Thanks for your reply. 

Regarding our use case, we're trying to synchronize two internal systems(each with their own Kafka clusters) by consuming records published by our system on one Kafka cluster and publishing a consolidated message on the Kafka cluster of the downstream system.

Do you have any suggestions on how to best go about achieving this? If possible, we'd like to still make use of Kafka streams library, as it's quite neat! Or do you recommend using the KafkaProducer/KafkaConsumer API instead?

Anca

Guozhang Wang

unread,
Apr 8, 2016, 3:16:33 PM4/8/16
to Confluent Platform
How complex is the consolidation process?

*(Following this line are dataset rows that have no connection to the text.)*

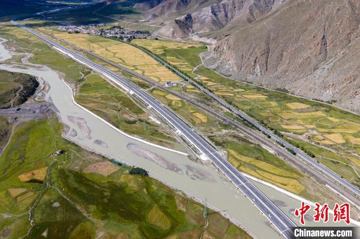 圖為8月27日,航拍西藏那拉高速堆龍德慶段田園風(fēng)光?!〗w波 攝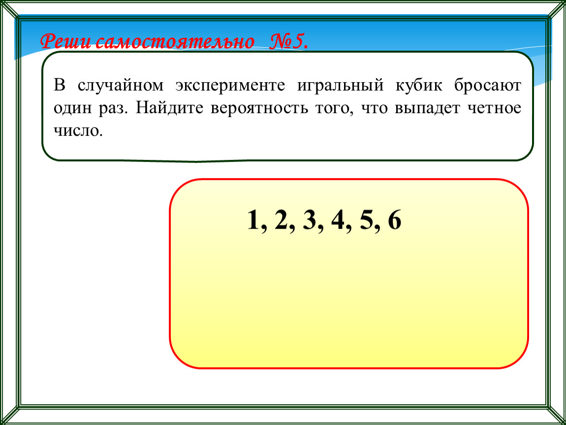 Задача 2. Игральный кубик бросили один раз. Какова вероятность того, что выпало число очков, большее чем 4.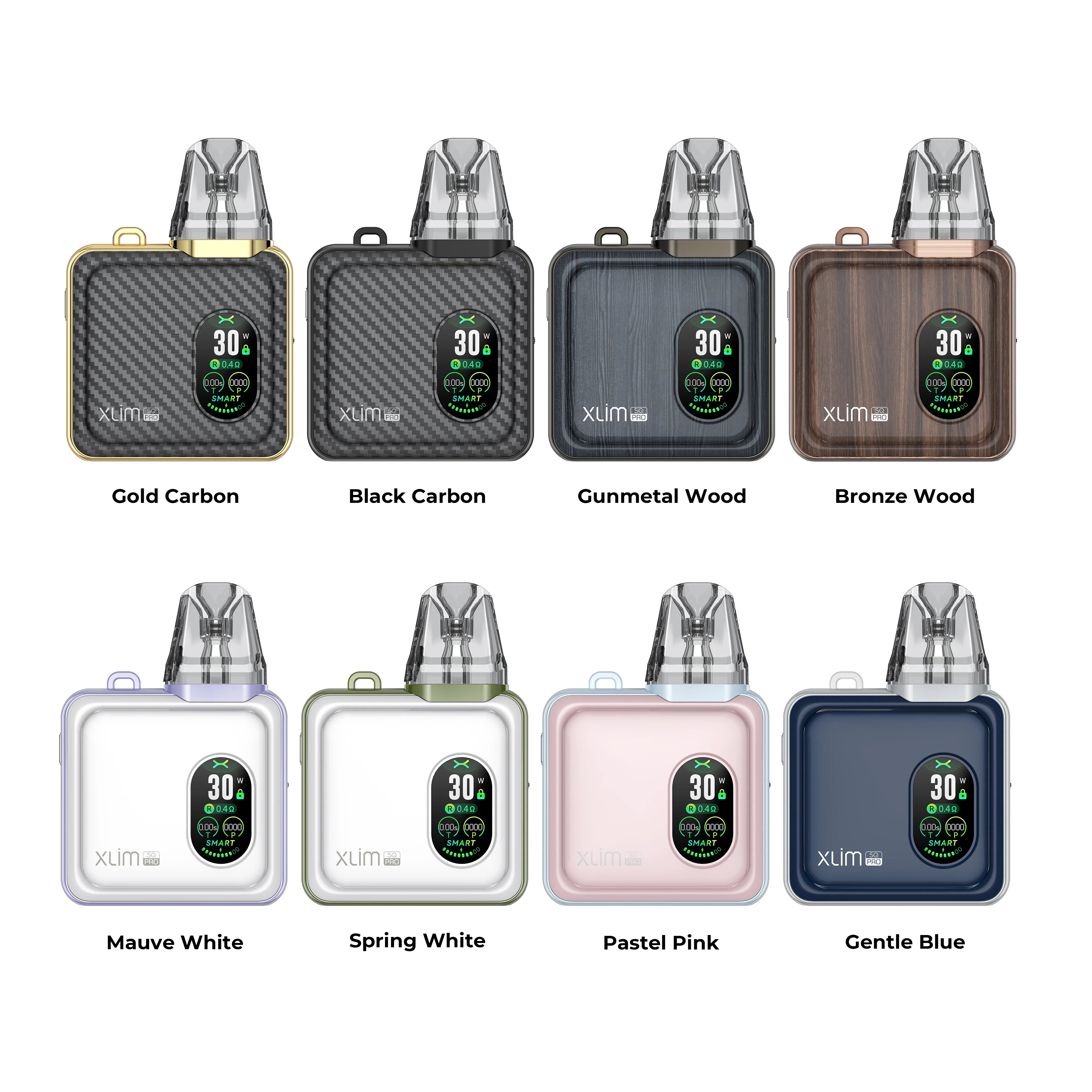 OXVA Xlim SQ Pro Pod System Kit comes with 1200mAh built-in battery, 30W max output power. It features 2ml pod capacity, highly leak-resistant and top filling systems. With the designs of 0.96-inch TFT color screen and optional dynamic themes, it will bring an enriching visual vaping experience for you. OXVA Xlim SQ Pro Kit supports Smart or Power mode. The Smart Mode precisely and automatically matches the optimal power, and the Power Mode allows you to manually adjust the power to your desired strength. OXVA Xlim SQ Pro is compatible with Xlim Series Cartridges.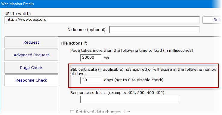 (See the SSL certificate setting about 3/4 of the way down the dialog). In this example, a warning will be sent once the certificate is going to expire within the next 30 days.

One thing you can do though, is to that you can use the customizable process() call in Kafka Streams, such that after the consolidation, you can use another embedded producer client in your processor to send to the different destination cluster. And when Kafka Streams add multi-cluster support, you can simply get rid of that customized processor at the end of your topology.


Guozhang

Saravanan Tirugnanum

unread,
Apr 21, 2017, 8:20:16 AM4/21/17
to Confluent Platform
Hi Guozhang

Is this Multi Cluster support feature available in 0.10.2.0. Or do we still need to write custom producer client and add to processor.
In that case , we will not have a sink at all our in topology builder. Hope thats fine.

Regards
Saravanan

Eno Thereska

unread,
Apr 21, 2017, 11:25:45 AM4/21/17
to Confluent Platform
The Multi cluster feature is not yet available in 0.10.2.0 and it's unlikely it will be available in 0.11 either (in 3 or so months). It's on our radar though, and it sounds useful. We could use some help from the community if anyone is interested in picking this up.

Thanks
Eno

Saravanan Tirugnanum

unread,
Apr 26, 2017, 2:17:14 PM4/26/17
to Confluent Platform
Thanks Eno.. I am happy to help contribute for this.. Can you pls help guide how to start

Eno Thereska

unread,
Apr 27, 2017, 12:42:41 PM4/27/17
to Confluent Platform
I think this will require what we call a KIP: https://cwiki.apache.org/confluence/display/KAFKA/Kafka+Improvement+Proposals. It's a form of a design proposal that you can put forth and then the community provides feedback. We can provide some guidance if needed too.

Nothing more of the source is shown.